In the prepared honeycomb base material, a cell had a square
sectional shape orthogonal to an extending direction of the cell,
partition walls had a thickness of about 0.3 mm, and a cell density
was 300 cells/square inch.
(Preparation of Plugging Slurry)
[0040] To 100 parts by mass of cordierite powder, 1.5 parts by mass
of methyl cellulose, 8 parts by mass of glycerin and 40 parts by
mass of water were added, and kneaded to prepare the plugging
slurry. It is to be noted that the prepared plugging slurry had a
viscosity of 200 mPas.
Example 1
[0041] A film for a mask (material: polyester, thickness: mm, trade
name "Masking Tape", manufactured by 3M Co.) was attached to one
end surface of a honeycomb base material, and holes were made at
portions of the attached film for the mask corresponding to the
predetermined cell opening end portions (so as to obtain a
checkered pattern) by use of laser. Subsequently, the end surface
of the honeycomb base material provided with the film for the mask
was submerged to a depth of 5 mm in water as a pretreating agent,
and water was attached to partition walls of the cell opening end
portions. Afterward, the end surface of the honeycomb base material
provided with the film for the mask was submerged to a depth of 5
mm in the plugging slurry, and the cell opening end portions were
filled with the plugging slurry through holes of the film for the
mask.
[0042] After pulling up the honeycomb base material from the
plugging slurry, the material was dried at 100.degree. C. for 120
seconds. Afterward, in the same manner as in one end surface of the
honeycomb base material described above, the other end surface was
subjected to the attachment of the film for the mask, the
perforation using the laser, the submersion in the pretreating
agent (water) and the submersion in the plugging slurry, and then
the cell opening end portions at the other end surface of the
honeycomb base material were filled with the plugging slurry. The
material was dried at 100.degree. C. for 120 seconds, and fired for
50 hours to manufacture the plugged honeycomb structure.

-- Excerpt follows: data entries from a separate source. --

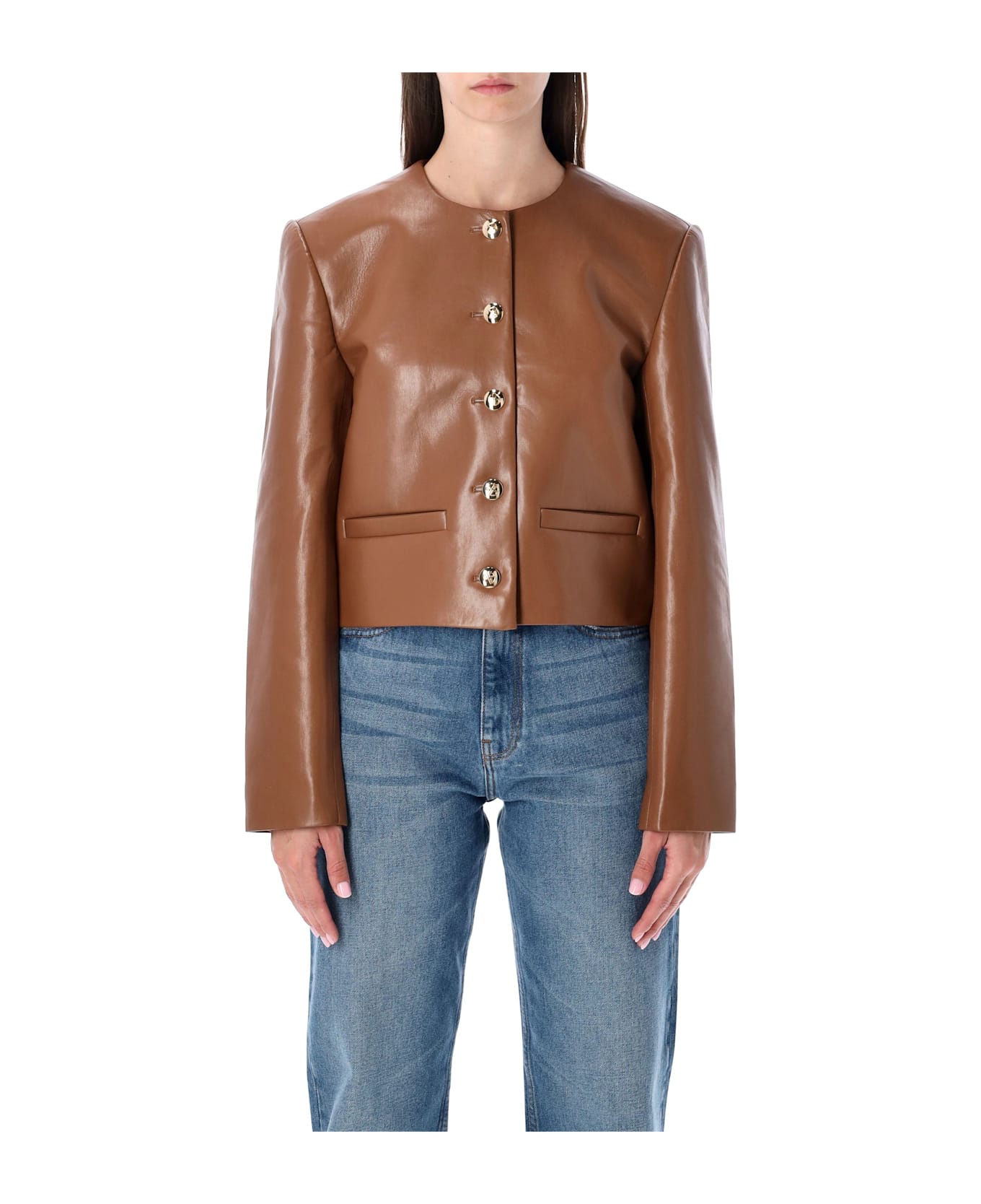 This Anine Bing Jacket Is Crafted From Smooth Leather In A Rich Cognac Shade, Showcasing A Modern Cropped Silhouette. Designed With A Round Neckline, Structured Shoulders, And Front Button Closure With Gold-tone Details, It Blends Minimalism With Statement Appeal. Front Welt Pockets And Buttoned Cuffs Complete The Design, Making It A Versatile Piece To Pair With Denim Or Tailored Trousers For An Elevated Everyday Look. Round Neckline Long Sleeves With Buttoned Cuffs Cropped Silhouette Front Button Closure With Gold-tone Buttons Front Welt Pockets Smooth Leather Construction Alessandra Is 1,75 M And Wears Size S
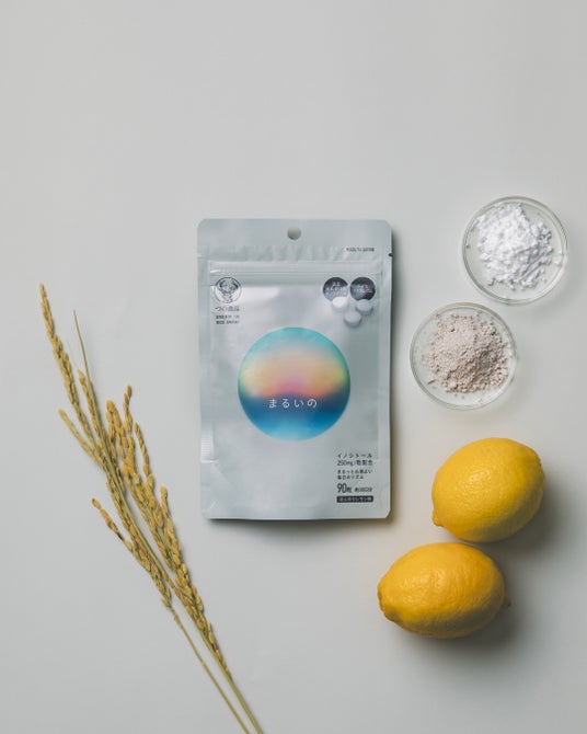 「まるっと心地よい毎日のリズム。」今、注目されている成分の一つ「イノシトール」をキー成分としています。イノシトールはビタミンB様物質で、世界中で古くからサプリメントや機能性食品に使用されている素材です。築野食品工業株式会社が製造している「国産の米ぬか由来イノシトール」を1粒に250mg配合。忙しい毎日のお供として「イノシトールを気軽に生活に取り入れてほしい」という思いで、ほんのりレモン味のチュアブルに仕上げました。イノシトールのほんのりとした甘さを生かした「おいしく、噛んで食べる」インナーケア商品です。
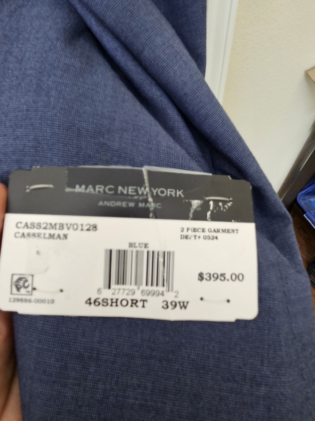 - Marc New York by Andrew Marc Modern-Fit Suit Jacket Size 46 Short NWT Blue
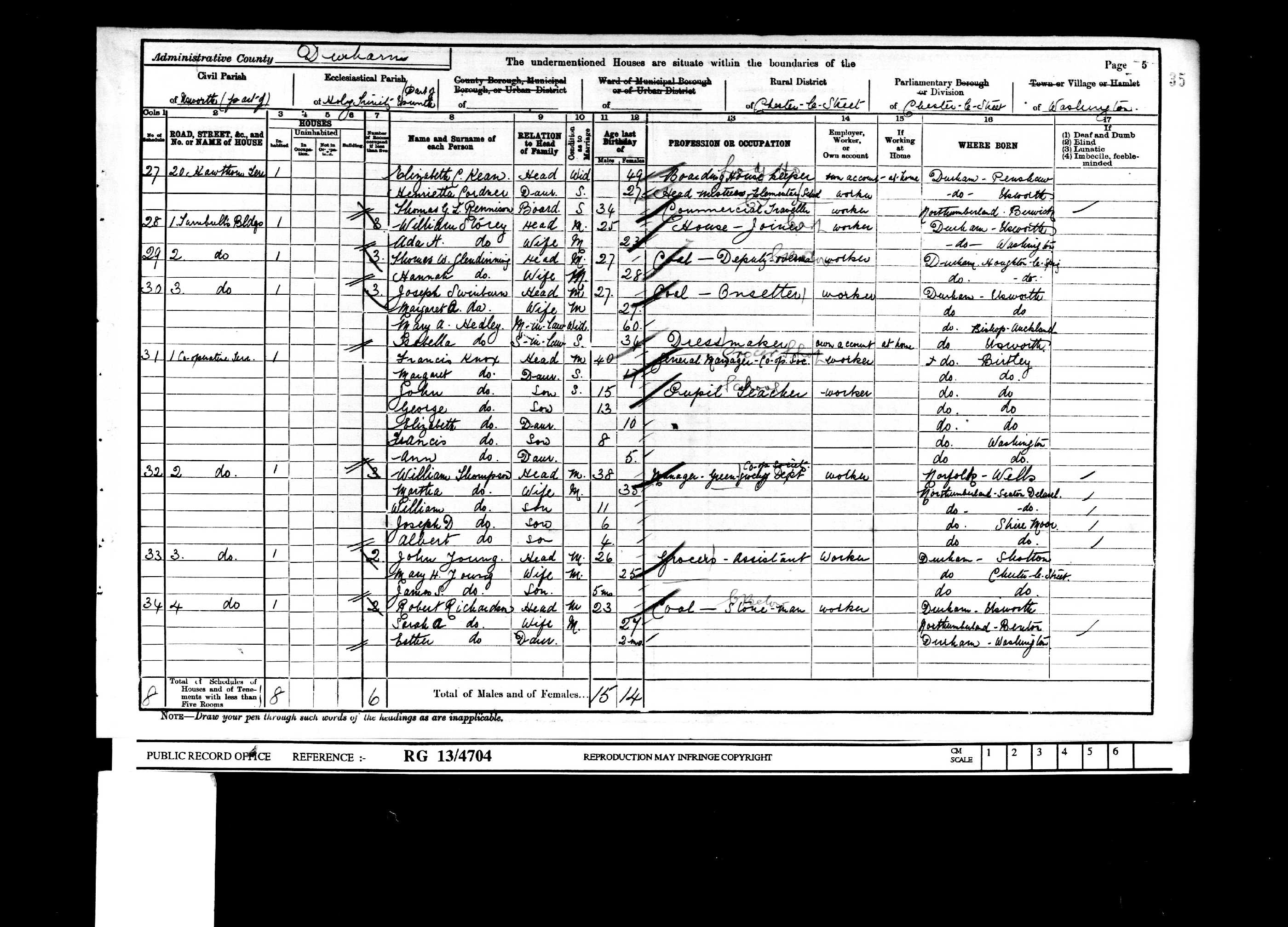 | (Witness) Census 1901 | 31 March 1901 | Mary Sarah Crawhall appeared in the household of John Robinson Cordner in the 1901 census at 62 Ridley Street, Heworth, Gateshead, Co Durham Co Durham, England. Phillis appears on this census as a son Philip although all evidence points to this being Phillis.11 1901 census transcription details for: 62, Ridley Street, Heworth, Felling National Archive Reference: RG number: RG13 Piece: 4749 Folio: 110 Page: 52 Reg. District: Gateshead Sub District: Heworth Parish: Heworth Enum. District: 17 Ecclesiastical District: St Marys City/Municipal Borough: Address: 62, Ridley Street, Heworth, Felling County: Durham Name Relation Condition Sex Age BirthYear Occupation ,Disability Where Born CORDNER, John Head Married M 60 1841 Stone Quarry Man Penshaw Durham CORDNER, Mary Wife Married F 63 1838 Stanhope Durham CORDNER, John Son Single M 30 1871 General Labourer Heworth Durham CORDNER, Philip Son Single M 28 1873 Heworth Durham CORDNER, Sarah Daughter Single F 26 1875 Penshaw Durham RG number: RG13 Piece: 4749 Folio: 110 Page: 52 Registration District: Gateshead Sub District: Heworth Enumeration District: 17 Ecclesiastical Parish: St Marys Civil Parish: Heworth Municipal Borough: Address: 62, Ridley Street, Heworth, Felling County: Durham © findmypast.co.uk |
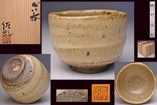 > 水野佐紀 ★ ぐい呑 ★ 共箱共布栞 ★ 常滑焼 ★ 藁灰釉タイプ ★ 灰釉 ★ 渋めの色合いですが艶ありの良作の酒器
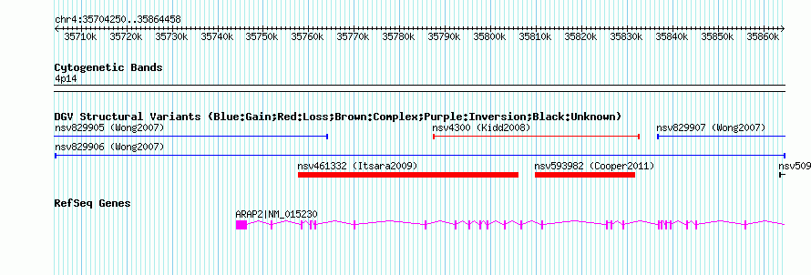 | | Variant Type | CNV gain | | Copy Number | | | Allele State | | | Allele Origin | | | Probe Count | | | Validation Flag | | | Merged Status | M | | Merged Variants | | | Supporting Variants | nssv1443558, nssv1443561, nssv1443559, nssv1443560 | | Samples | | | Known Genes | ARAP2 | | Method | BAC aCGH | | Analysis | Experimental SDs (SDautosome) were calculated for each experiment on the basis of the log2 ratios of the 24,392 reliable clones minus the clones removed because of low signal-to-noise ratio (SNR) or high SD of replicate clone measures (SDclone). Thresholds for determining CNV clones were set at a multiple of the SDautosome value. For each experiment, clones were annotated as uninformative if they were filtered via SNR or SDclone, as a CNV loss if the log2 ratio was less than the negative threshold, as unchanged if the log2 ratio was between the negative and positive thresholds, and as a CNV gain if the log2 ratio was above the positive threshold. | | Platform | GPL2616 | | Comments | | | Reference | Wong_et_al_2007 | | Pubmed ID | 17160897 | | Accession Number(s) | nsv829906

[0043] When an average plugging depth (mm (17 points)) of the
plugging portions at one end surface of the manufactured plugged
honeycomb structure was measured, the depth was 4.99 mm. When
presence of plugging failure was checked, there was zero portion of
the plugging failure.
Examples 2 to 6, Comparative Examples 1 to 6
[0044] Plugged honeycomb structures were manufactured in the same
manner as in Example 1 except that a pretreating agent shown in
Table 1 was used (with the proviso that any pretreating agent was
not used in Comparative Example 1). Plugging portions of each of
the manufactured plugged honeycomb structures were measured and
evaluated in the same manner as in Example 1. Results are shown in
Table 1.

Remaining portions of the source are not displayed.